The coxae on the forelegs look too short to be _Tarachodes_ sp. It is a small nymph, so I could well be wrong.

Rob.


----------



## yen_saw (May 15, 2007)

> Nice photos.One thing, are you sure that these are _Tarachodes_ sp. and not _Galepsus_ sp. ? Were they shipped in straight from Africa by any chance, 'coz if so all mantids that look like this are labelled as _Tarachodes_ sp.?
> 
> The coxae on the forelegs look too short to be _Tarachodes_ sp. It is a small nymph, so I could well be wrong.
> 
> Rob.


All i have now are L3/L4 nymphs so not sure if the species can be identified correctly. I have requested breeder in Germany for an adult pic but to no avail. It was sent to me as tarachode sp. in ootheca, no idea what is the exact sp. as the adult were captured in the wild from Gambia. There are so many subspecies for Tarachodes which make identification extra challenging. They look similar to T. Afzelii at this stage although the eyes are not as pointy.


----------



## yen_saw (May 21, 2007)

Well still didn't get the adult pic from German but the breeder is 100% sure it is Tarachodes sp as he also keep Gaplepsus sp. but i am not so sure.
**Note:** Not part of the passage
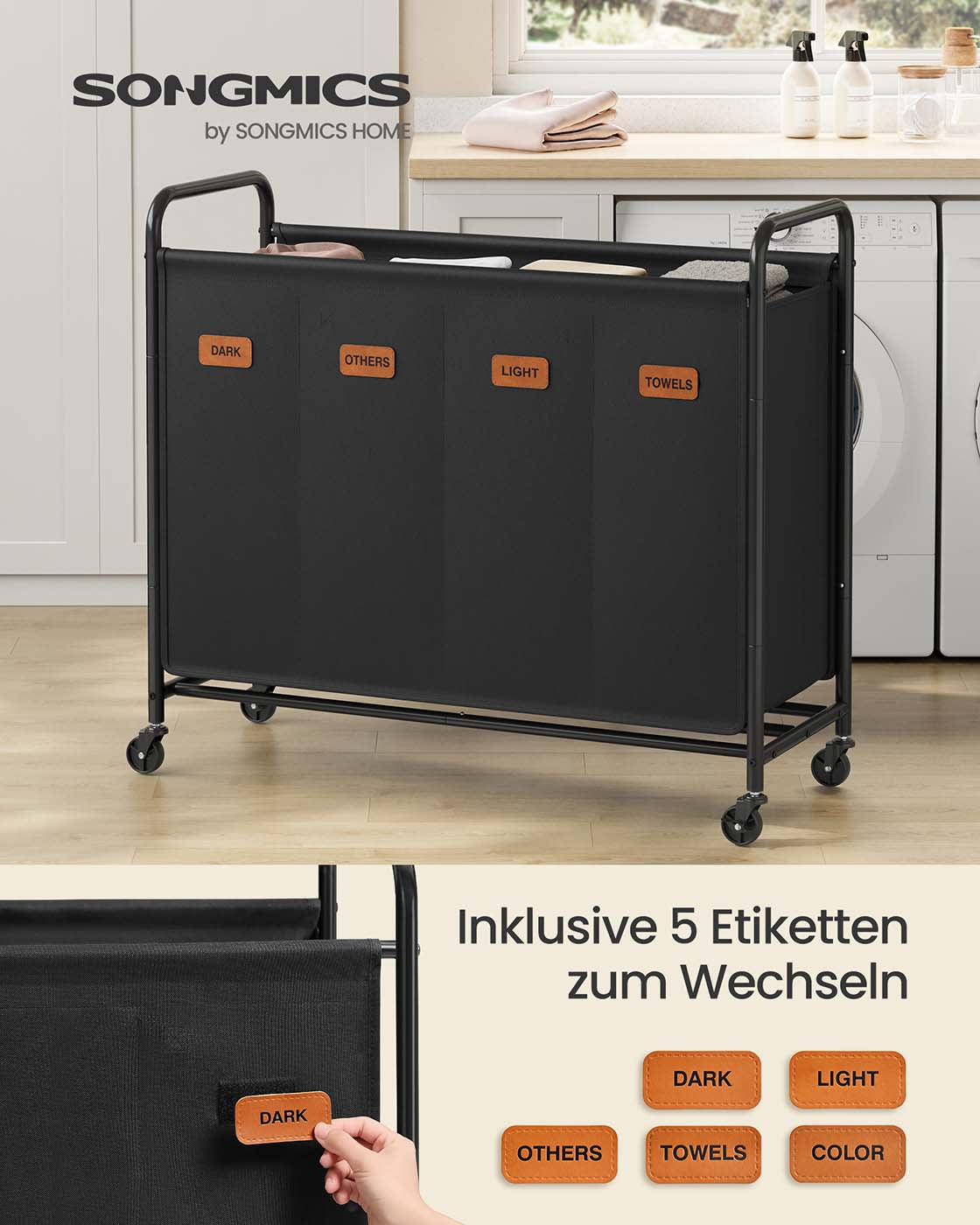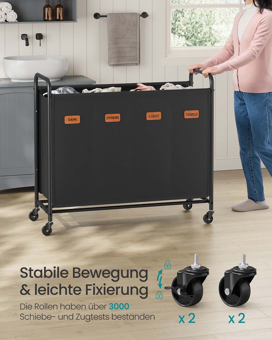 Wasmand 200 L met wielen en 3 compartimenten inktzwart 79 x 40 x 91 cm

Here are some L5 pics.


----------



## David Maguire (May 27, 2007)

i have two of these how big will they get


----------



## yen_saw (May 27, 2007)

They are not very large, i was told it will grow up to aboput 5 cm or 6 cm at most.


----------



## wuwu (Jun 1, 2007)

these are the first bark mantids i've kept and they do this really cute behavior. lol they play hide and seek with you! when you're on a branch, and they see you, they'll move over to the other side to hide. then when i look over, they'll move back. etc. i thought that was entertaining, for a minute.


----------



## Morpheus uk (Jun 4, 2007)

Does enyone have a picture of an adult? never seen one before


----------



## yen_saw (Jun 4, 2007)

> these are the first bark mantids i've kept and they do this really cute behavior. lol they play hide and seek with you! when you're on a branch, and they see you, they'll move over to the other side to hide. then when i look over, they'll move back. etc. i thought that was entertaining, for a minute.


It is a pain taking pic of this species because of this timid behaviour :?


----------



## Ian (Jun 5, 2007)

Nice photos Yen, I have had loads of these in over the past few weeks, I think they have such a great character!

Very awkward to photograph however, as they like to hang behind the twigs constantly.

Here are a couple of photos I took, this one showing their typical stance:







and "spot the tarachodes", I think there are 4 or 5 in the photo:


----------



## wuwu (Jun 5, 2007)

are they able to be housed together? i just assumed they weren't and housed them separately.


----------



## Ian (Jun 5, 2007)

I've had no troubles housing them together at all, although I have only reared them to L4 before I have sent them off. Maybe it is a good idea to separate when a little older...


----------



## yen_saw (Jun 5, 2007)

I can only see 4, but surely there are more! Yeah they will eat each other that's for sure.


----------